How Does Employer Long-Term Disability Work?

If your disability insurance is through your employer, it may fall under a federal law called the Employee Retirement Income Security Act (ERISA). This law has strict rules for how you need to apply for benefits or file an appeal. It also affects your chances of approval. 

What is long-term disability through an employer?

Long-term disability benefits through your employer are typically offered to you through your employer-provided benefits package. If you choose to take part in the employer-provided long-term disability plan, you will be insured for benefits if you are no longer available to perform the material duties of your occupation. If you become disabled, you should contact your Human Resources Department at your employer and request an application for benefits.

Your employer has a fiduciary duty to help you if you need to file an application. Your employer will be required to complete part of the application where they will report to the insurance carrier your last day of work, your wages, and whether you are insured under the group disability plan.

After you file your application, the long-term disability insurance carrier will assess whether you are unable to perform the material and substantial duties of your regular occupation. It is important that you obtain an opinion from your doctors indicating your limitations. A statement that you are unable to work is not a powerful assessment. Rather, your doctor should provide an assessment as to your ability to function; particularly, whether you have limitations with sitting, standing, walking, and lifting. If your claim is based upon a mental health disability, you should obtain an opinion from your doctor or therapist regarding your ability to concentrate, focus, and interact with coworkers, supervisors, and the public.

If the long-term disability insurance company denies your application, you will have the opportunity to file an administrative appeal. The denial letter will supply the deadline that you have to file an administrative appeal. The deadline is usually 180 days (about 6 months); however, it could be less than that. This deadline is extremely important. If you miss the deadline, you will not have the opportunity to file a lawsuit against your long-term disability insurance company.

Pond Lehocky Giordano strongly suggests that you obtain an attorney to aid you with your appeal. Your attorney will use the 180 days to build your case. They should obtain any outstanding medical records, updated medical records, and opinions from your doctors regarding your ability to function. Our firm represents people who have filed appeals on their own and, almost universally, their file is without the medical documentation needed to prove their claim.

If your claim is denied after the administrative appeal, you will have the right to file a lawsuit to obtain a review of the long-term disability insurance company’s denial. However, you will not typically have the opportunity to submit any new evidence when you file your lawsuit, so it is imperative that you submit as much medical information as possible during your administrative appeal.

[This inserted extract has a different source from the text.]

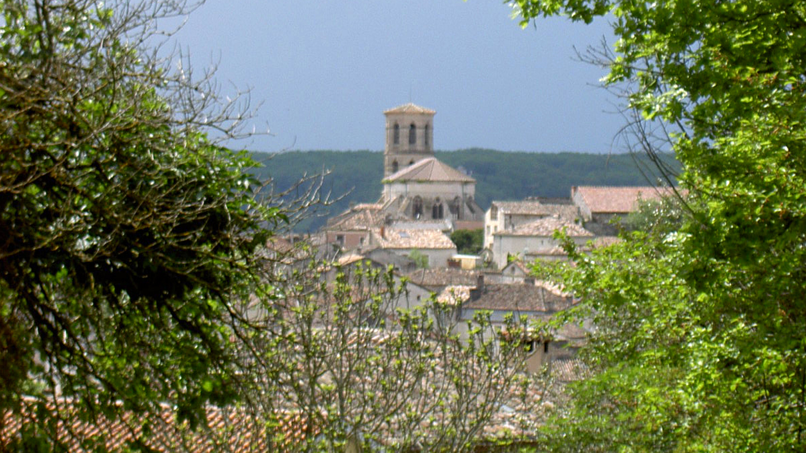 Mitten im Gelände kleine Chapelle St.Jean le Froid: Laudate klingt wunderbar. Dann langer, heißer, gewitterkündender Höhenweg nach Montcuq. Der erste Blick von oben auf die über dem Dorf thronende Kirche ist beeindruckend.

How long is long-term disability through an employer?

The group long-term disability policy through your employer will name the maximum duration of your long-term disability benefits. Most policies provide that the insurance company will pay for disability benefits until age 65. However, this statement is misleading.

Most employer-provided long-term disability policies provide for a dual definition of disability. For the first two years, the insurance company will pay your disability benefits if you are unable to perform the material duties of your regular occupation. After two years, the insurance company will only pay you long-term disability benefits if you are unable to perform the material duties of any other occupation. Some insurance policies may provide that you will have to earn 60-80% of your pre-disability indexed earnings for your benefits to end after their own occupation definition of disability ends.

Further, most long-term disability benefits offered through your employer will have a two-year limitation for any disability that is caused by mental health conditions such as depression, anxiety, and PTSD. This limitation may be overcome if you are hospitalized for mental health or if you have bipolar disorder, schizophrenia, and other severe psychological disorders.

If your long-term disability insurance company decides that you are no longer disabled, you should immediately contact an attorney to help you with filing an appeal. The insurance company will usually rely upon the opinions of a nurse or doctor who never met you to decide whether you should continue to receive long-term disability benefits through your employer’s policy. It is important for you to build the administrative record with all your medical records and the opinions of your treating physicians to defeat the insurance company’s attempt to deny your claim for long-term disability benefits.

Is employer-paid long-term disability taxable?

Long-term disability benefits through your employer may be taxable. Whether your long-term disability benefits are taxable is based upon how the premiums for the benefits were paid.

If your employer paid the premiums for your long-term disability benefits, the benefits are taxable. If you paid the premiums with after-tax income, the long-term disability benefits are not taxable.

You can look at your paystub for this answer. If federal income tax is taken out of your paycheck first and then you pay the premiums for your long-term disability benefits, then the benefits should not be taxable. If your premiums were paid with pre-taxed income, meaning the premiums were paid before any federal income tax was paid, then your long-term disability benefits are taxable.